I freeze purple cabbage in chunks to use with roast, potatoes and carrots in the pressure cooker. It looks a little strange but tastes just as good. I also have a very special(to me) recipe that I use chopped cabbage in. I freeze some for that. e-mail me if you want the recipe.

-- Cindy (atilrthehony_1@yahoo.com), July 03, 2000.

It makes a good addition to borscht, which is already red because of the beets in it. I like red cabbage -- I think it is sweeter than the green kind. And the bugs don't seem to bother it quite as much, either.

-- Kathleen Sanderson (stonycft@worldpath.net), July 03, 2000.

We eat bushels of red cabbage for supper using the following "receipe". I wish I could give you an exact receipe but I cook by "looks 'bout right" method so here goes:

Remove external wrapper leaves from a large head and then chop or shred the head so you wind up with a pile of 1/4" wide strips. Put them in a large heavy pot with bout 2 glugs (@2cups)of cider vinegar and about the same amount of water. Add 1/2 a glob (about 1/2 of your fist) of bacon grease and a few strips of crumbled bacon. Start it to boiling mightily. Add in 1 glob of brown sugar and 1 sprinkle of allspice (a drizzle of honey seems to get the bitter out of old heads) and chuck in 2 dashes of salt. Keep stirring and turning it over. Taste and adjust. When cabbage gets to desired tenderness then its done.

-- William in WI (thetoebes@webtv.net), July 05, 2000.

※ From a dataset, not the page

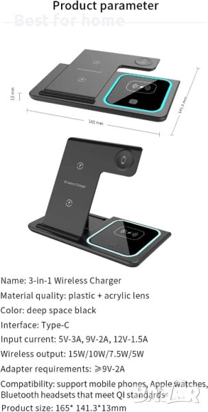 Множество устройства: Продуктът разполага с 15 W бързо безжично зареждане. 3 в 1 многофункционален, може да зарежда мобилен телефон, за Apple Airpods и iWatch едновременно. 3 в 1 безжично зарядно устройство за airpods pro 3) 2 намотки за по-голяма площ за зареждане, позволява вертикално или хоризонтално безжично зареждане. Уникален сгъваем дизайн, може да регулира ъглите към множество позиции Сертифициран по Qi/CE/FCC/RoHS,

Sauerkraut! I've used our surplus that way, and it tastes as good as that made with any other cabbage - it just looks nicer! (I also grow blue potatoes and orange tomatoes, so you might want a reality check here!) Anyway, make sauerkraut just like with any other cabbage. I then can it, since it lasts better (in my opinion) than just keeping a crock of 'kraut. Might be interesting to compare the red with the Dutch. I, frankly, don't see too much difference in spite of the seed catalog's claims. GL!